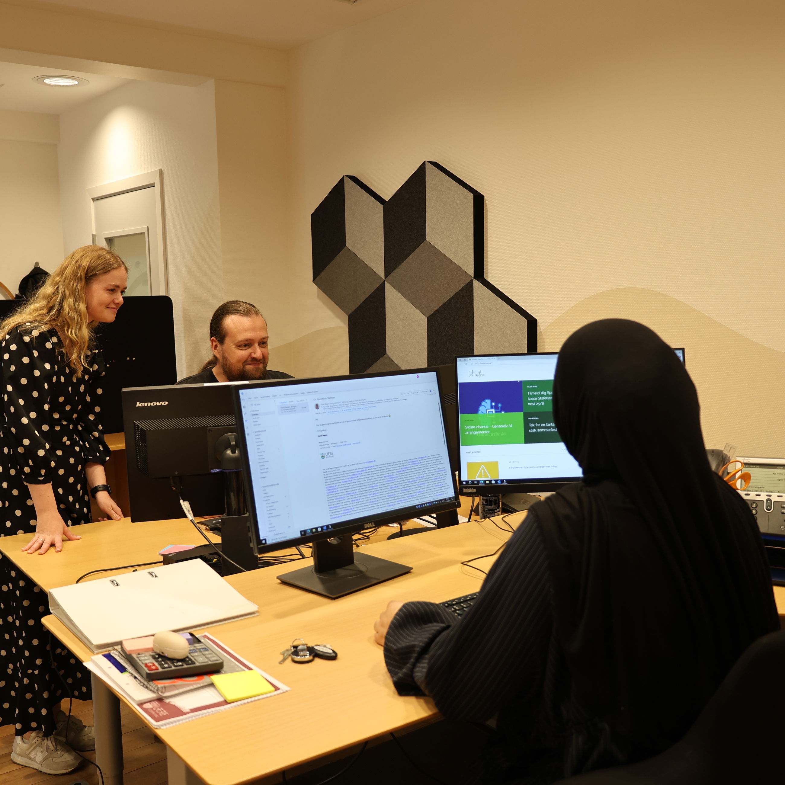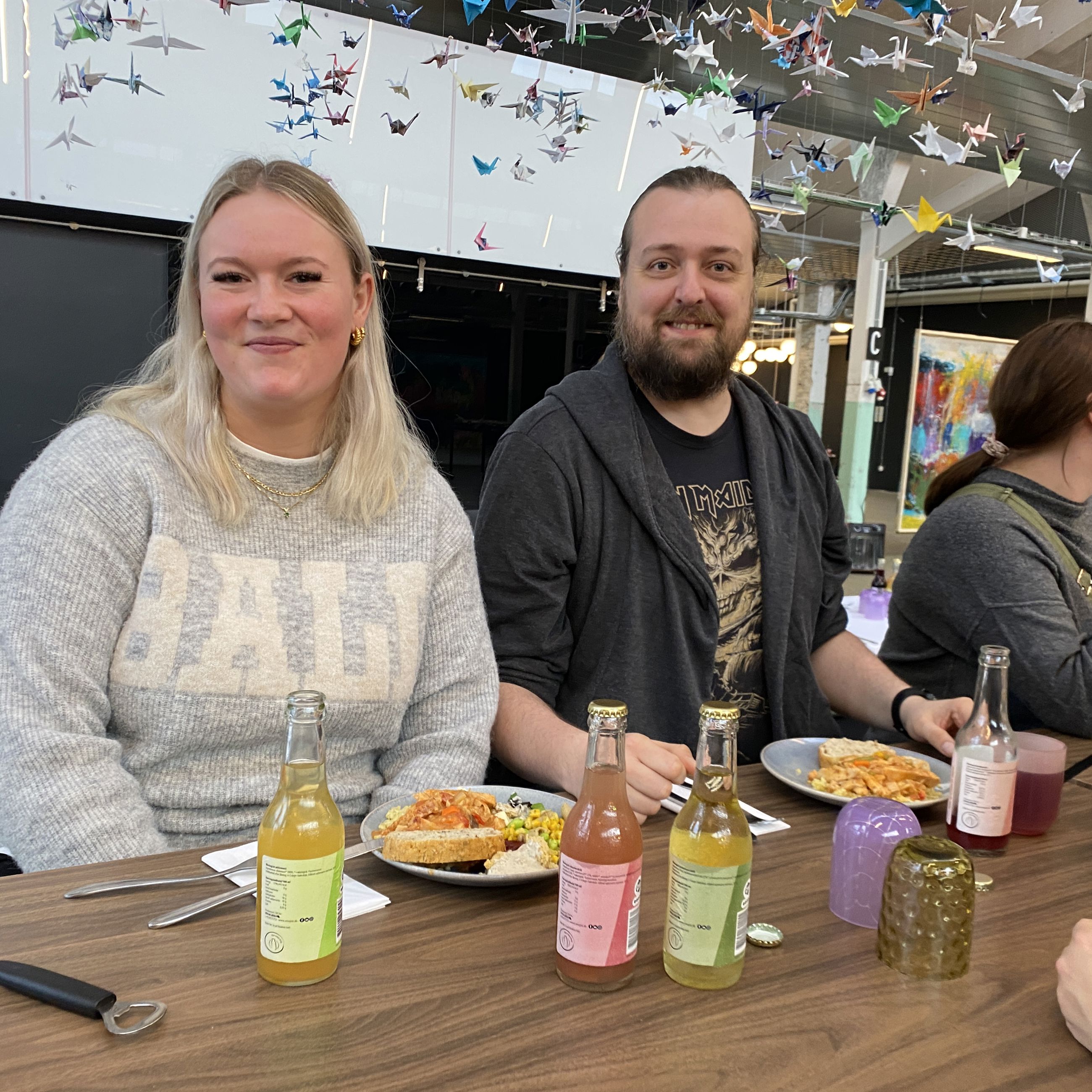 - Fællesskab med mening: Vi er utrolig glade for at sparre med hinanden. Der er opbakning til, at vi selv arrangerer fælles frokoster og mødes uden for arbejdstid. Det er fedt, at vi er mange elever sammen.
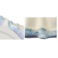 There is a chip on the toe of the shoe, visible only from the base; there is a chip on one flower.
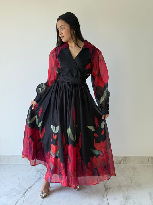 Sold outCrimson Bloom V-Neck Maxi Dress
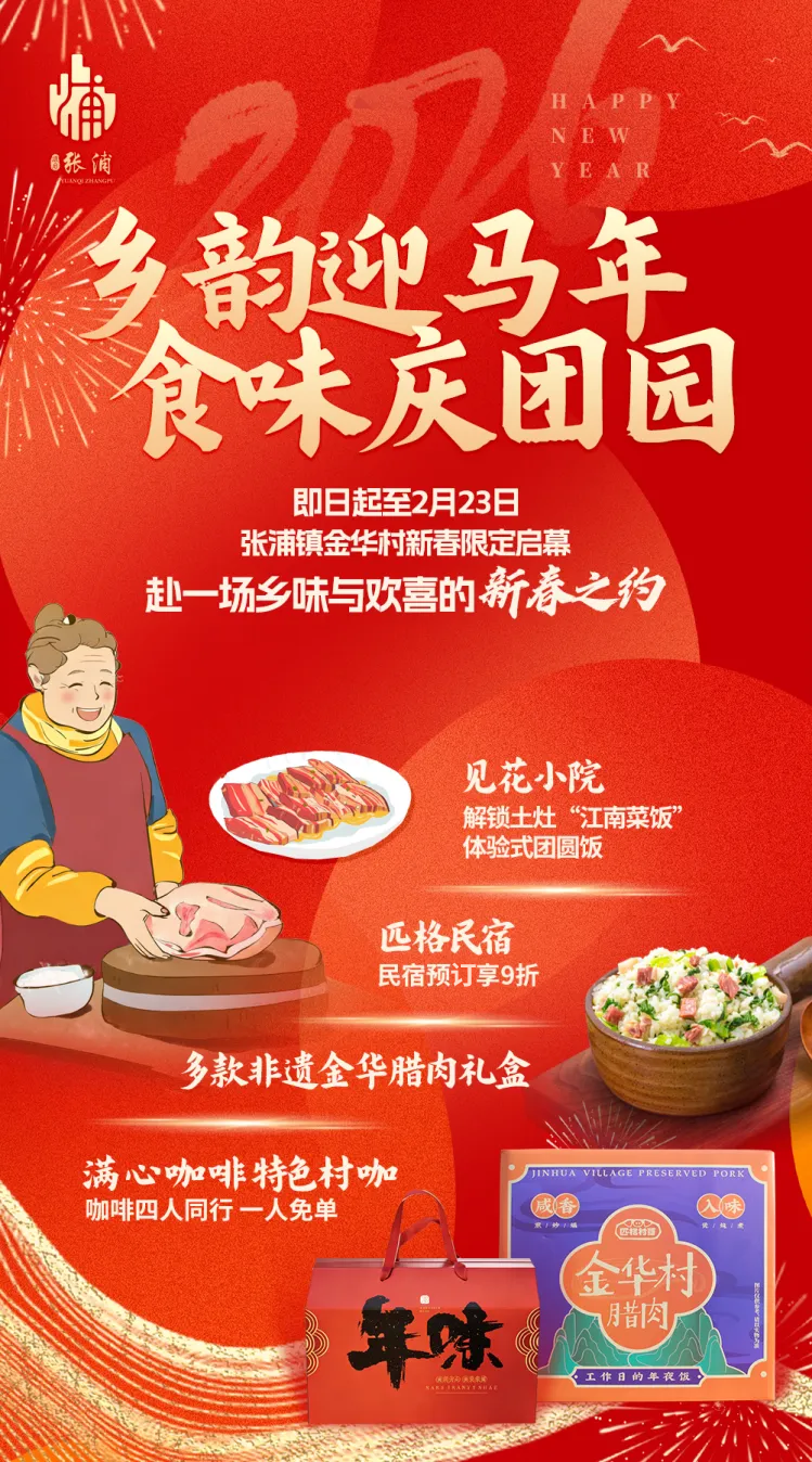 张浦镇金华村新春限定启幕啦!见花小院解锁土灶“江南菜饭”体验式团圆饭,零下柒度窑烤面包满3送1,匹格潮派民宿预订享9折,还有多款非遗金华腊肉礼盒、特色村咖(咖啡四人同行,一人免单)体验同步上线,赴一场乡味与欢喜的新春之约。
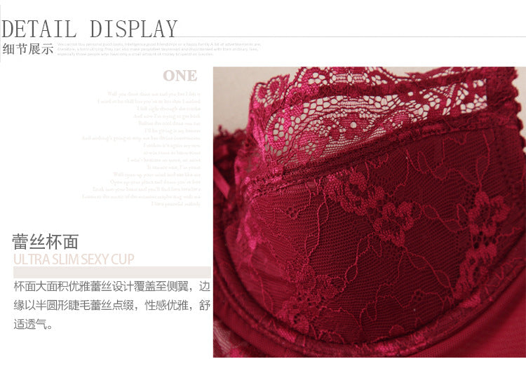 Sexy lace women's lingerie, comfortable thin plus size bra set
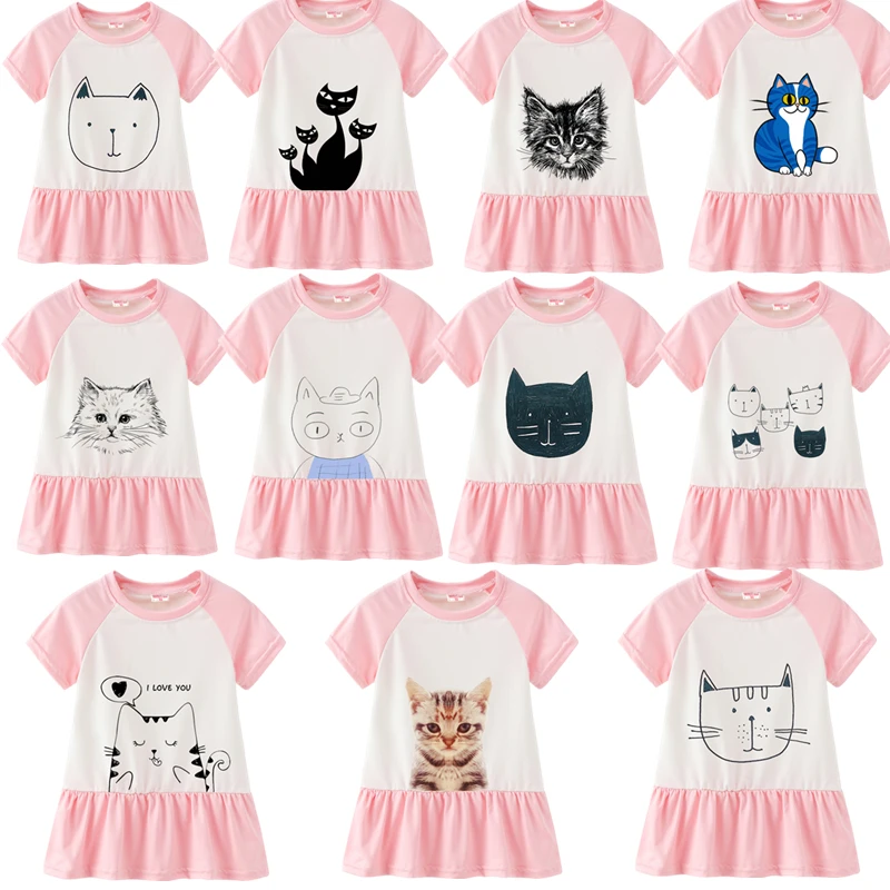 Детские платья для девочек, летнее милое платье принцессы, детское платье с коротким рукавом и принтом мультяшного кота, детская модная одежда, Vestidos
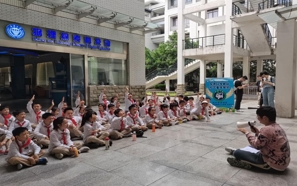 参观学习结束后,树人小学的小朋友们分组齐坐在科技馆门前,支部党员为小朋友们讲述了参观过程中的实验装置背后的大科学家的故事,通过类比的方式,通俗易懂地为小朋友们仔细讲解了角动量守恒的直观含义,并适时提出问题与小朋友们进行互动。
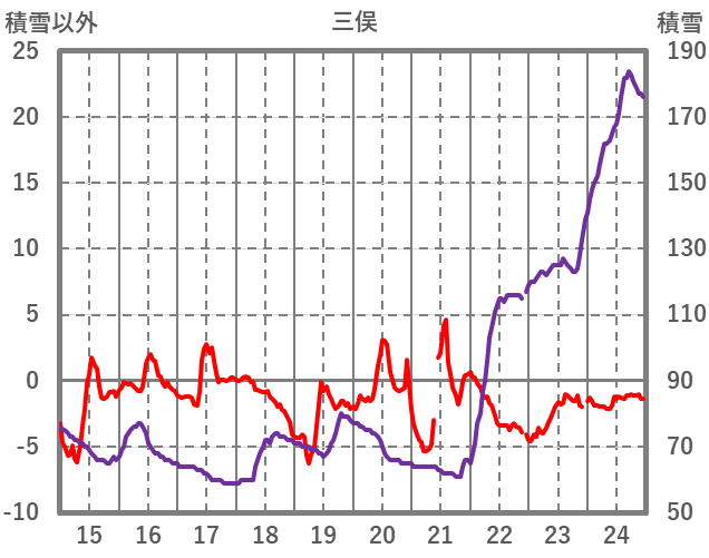 | 日 | 時 | 気温 | 降水 | 風向/風速 | 日照 | 積雪 | 降雪 |

----

_Exercise objective_. Give the lines exactly, from the first line of the entries to the line with "Sold outCrimson Bloom V-Neck Maxi Dress", both ends included. Skip the pictures.

_Answer box_.
 - Fællesskab med mening: Vi er utrolig glade for at sparre med hinanden. Der er opbakning til, at vi selv arrangerer fælles frokoster og mødes uden for arbejdstid. Det er fedt, at vi er mange elever sammen.
 There is a chip on the toe of the shoe, visible only from the base; there is a chip on one flower.
 Sold outCrimson Bloom V-Neck Maxi Dress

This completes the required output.